[[ Given material, beginning ]]

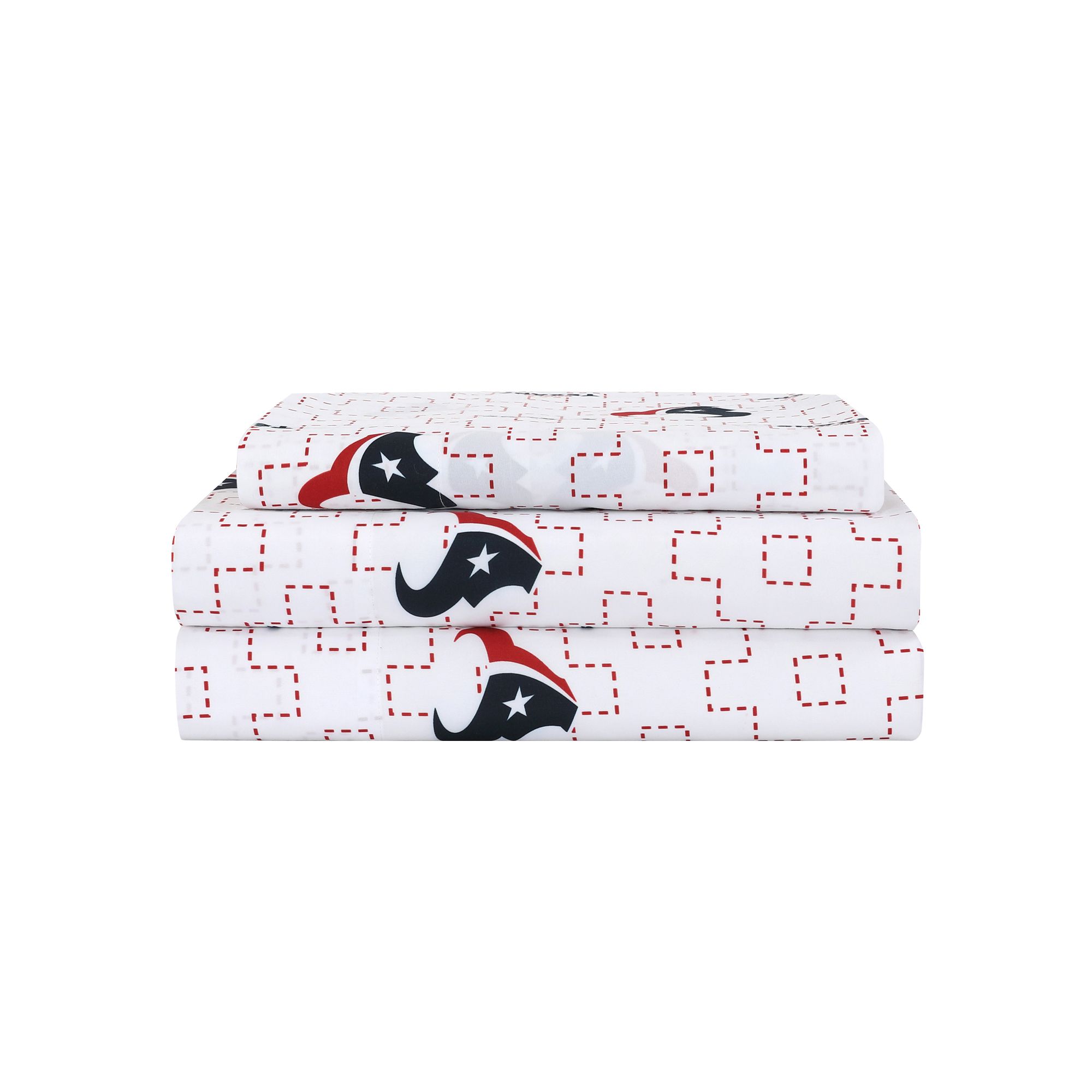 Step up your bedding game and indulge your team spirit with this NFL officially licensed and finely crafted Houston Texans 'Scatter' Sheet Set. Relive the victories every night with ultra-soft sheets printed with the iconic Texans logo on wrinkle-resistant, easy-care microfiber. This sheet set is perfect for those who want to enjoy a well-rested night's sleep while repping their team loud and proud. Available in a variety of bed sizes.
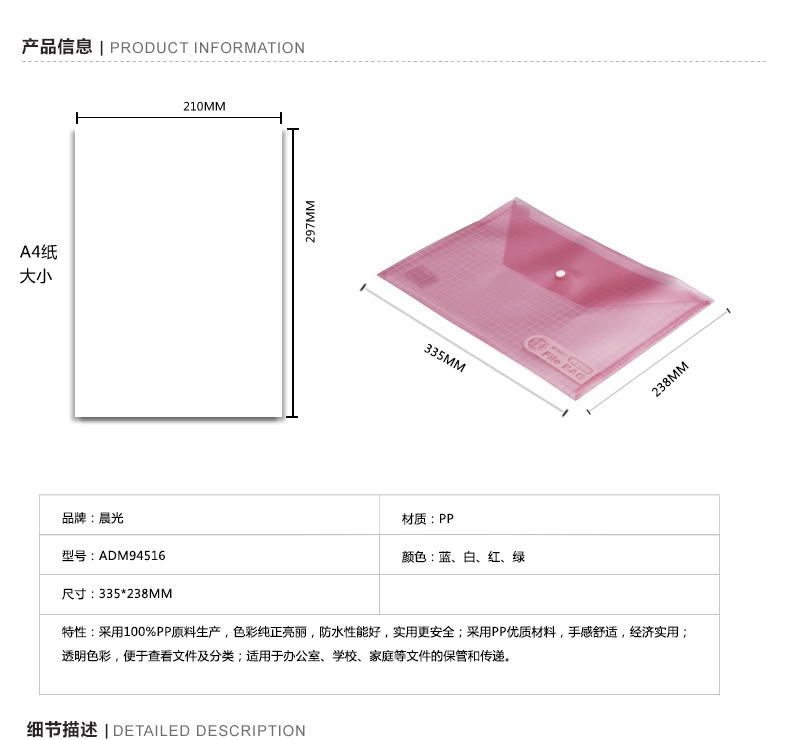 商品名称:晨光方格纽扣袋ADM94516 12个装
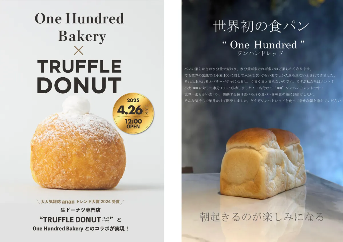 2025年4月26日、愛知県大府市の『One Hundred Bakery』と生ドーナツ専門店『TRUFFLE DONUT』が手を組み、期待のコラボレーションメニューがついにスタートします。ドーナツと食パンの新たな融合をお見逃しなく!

[[ Given material, end ]]

Assignment: Only the text of the listing should be returned, exactly and in full; no image goes into the copy.

The answer:
 Step up your bedding game and indulge your team spirit with this NFL officially licensed and finely crafted Houston Texans 'Scatter' Sheet Set. Relive the victories every night with ultra-soft sheets printed with the iconic Texans logo on wrinkle-resistant, easy-care microfiber. This sheet set is perfect for those who want to enjoy a well-rested night's sleep while repping their team loud and proud. Available in a variety of bed sizes.
 商品名称:晨光方格纽扣袋ADM94516 12个装
 2025年4月26日、愛知県大府市の『One Hundred Bakery』と生ドーナツ専門店『TRUFFLE DONUT』が手を組み、期待のコラボレーションメニューがついにスタートします。ドーナツと食パンの新たな融合をお見逃しなく!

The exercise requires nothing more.